Angel investors are intensifying efforts to connect Nigerian startups with global capital and markets as declining venture funding raises concerns over the ability of the country’s innovation ecosystem to scale beyond domestic boundaries.

Stakeholders at the World Business Angels Investment Forum (WBAF) Investors Week in Lagos said cross-border investment networks, alternative financing structures, and partnerships among investors, governments, and entrepreneurs are becoming critical to sustaining startup growth and expanding financial inclusion.

The discussions come as startup financing in Nigeria fell 17 percent to $343 million in 2025, according to BusinessDay analysis. The figure represents the lowest level since 2019 and reduced Nigeria’s share of African venture capital funding to 11 percent. Despite the decline, Nigeria retained its position as Africa’s most active startup market by deal volume, with 85 startups raising at least $100,000.

Goodness Alabi, head of programmes and trade missions at the World Trade Center Abuja, said the shrinking size of venture capital deals has increased the importance of angel investors in supporting startups seeking growth capital.

“We are generating more startups than anyone else in Africa, but the checks are shrinking. The average deal size is falling, and this is the very gap that angel investors must fill,” Alabi said.

She noted that cross-border angel deals involving African startups rose by 37 percent in 2025, allowing investors from North America, Europe, Asia, and Africa to pool capital and expertise.

“Angel investors are not just early-stage funders. They are ecosystem builders, knowledge brokers, and international connectors,” she said.
According to her, research by the Organisation for Economic Co-operation and Development (OECD) showed that startups backed by international angel investors are 2.2 times more likely to export within their first three years.

Rosaline Adedoyin-Amangbo, country chair of WBAF Nigeria, said Nigeria is positioned to benefit from the global shift towards deep technology, digital infrastructure and sustainable development, but stronger financing mechanisms are needed to convert local innovations into global businesses.

“The world is entering a new economic and technology era defined by rapid innovation, and Nigeria, with its talent pool and dynamic markets, is uniquely positioned to harness these forces for national and global prosperity,” she said.

Adedoyin-Amangbo said Nigerian startups have played key roles in financial inclusion, digital health, and agricultural technology, but scaling these innovations requires the convergence of public policy, technology and investment capital.

“Global investors assist in scaling local startups and entrepreneurs to the global level,” she said.

She called on investors to embrace new financing structures, including blended finance, tokenised funds, and decentralised finance, adding that they could improve access to capital for entrepreneurs and underserved communities.

Speaking virtually from Turkey, Baybars Altuntas, global chair of WBAF and affiliated partner of the G20 Global Partnership for Financial Inclusion, said inclusive entrepreneurship has become an economic imperative.

“Diversity is not simply a social aspiration; it is an economic necessity. When we empower women entrepreneurs, support youth and innovation, and enable underserved communities to participate in the startup economy, we unlock new sources of creativity and growth,” Altuntas said.

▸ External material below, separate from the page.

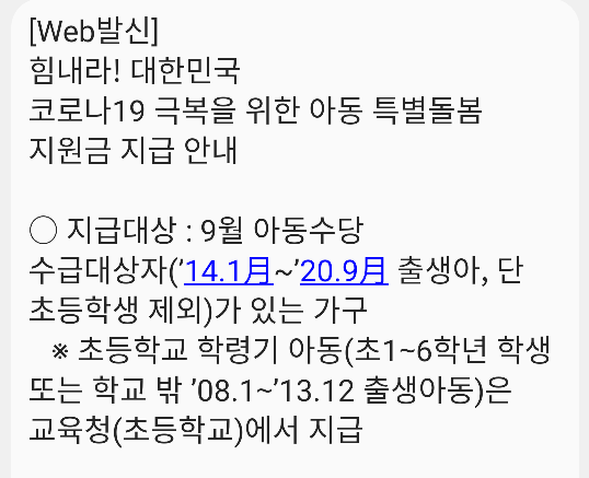 아동수당 지급에 관련된 문자가 도착했습니다

He added that while capital remains important, entrepreneurs also need mentorship, education, market access, and supportive policies.

“Financial inclusion remains the cornerstone of this mission. Access to finance, particularly early-stage equity capital, enables entrepreneurs to transform ideas into scalable ventures,” he said.

Also Opeyemi Oriniowo, senior policy adviser on economic affairs at the Consulate General of the Kingdom of the Netherlands in Lagos, during his keynote presentation said Africa’s challenge is not the absence of ideas but the absence of ecosystems that enable businesses to scale.

“The challenge is not a lack of ideas. The challenge is creating ecosystems for growth and development,” he said.

Oriniowo noted that with Africa projected to account for one in every four people globally by 2050, stronger regional integration and collaboration are necessary for sustainable development.

“The future belongs to connected ecosystems, not isolated actors,” he said, adding that the African Continental Free Trade Area offers an opportunity to create a market of over 1.4 billion people if accompanied by deeper ecosystem integration.

He also pointed to opportunities in sustainable finance and environmental, social, and governance (ESG) investments, saying African financial institutions have yet to fully tap into the growing pool of global capital targeting climate financing and carbon markets.

Wofai Samuel, director of the WBAF Nigeria event, said connecting investors, policymakers, and entrepreneurs on one platform creates opportunities that would otherwise take years to materialise.

“Every investment secured, every partnership formed, every business expanded, and every entrepreneur empowered has a multiplier effect on the economy,” Samuel said.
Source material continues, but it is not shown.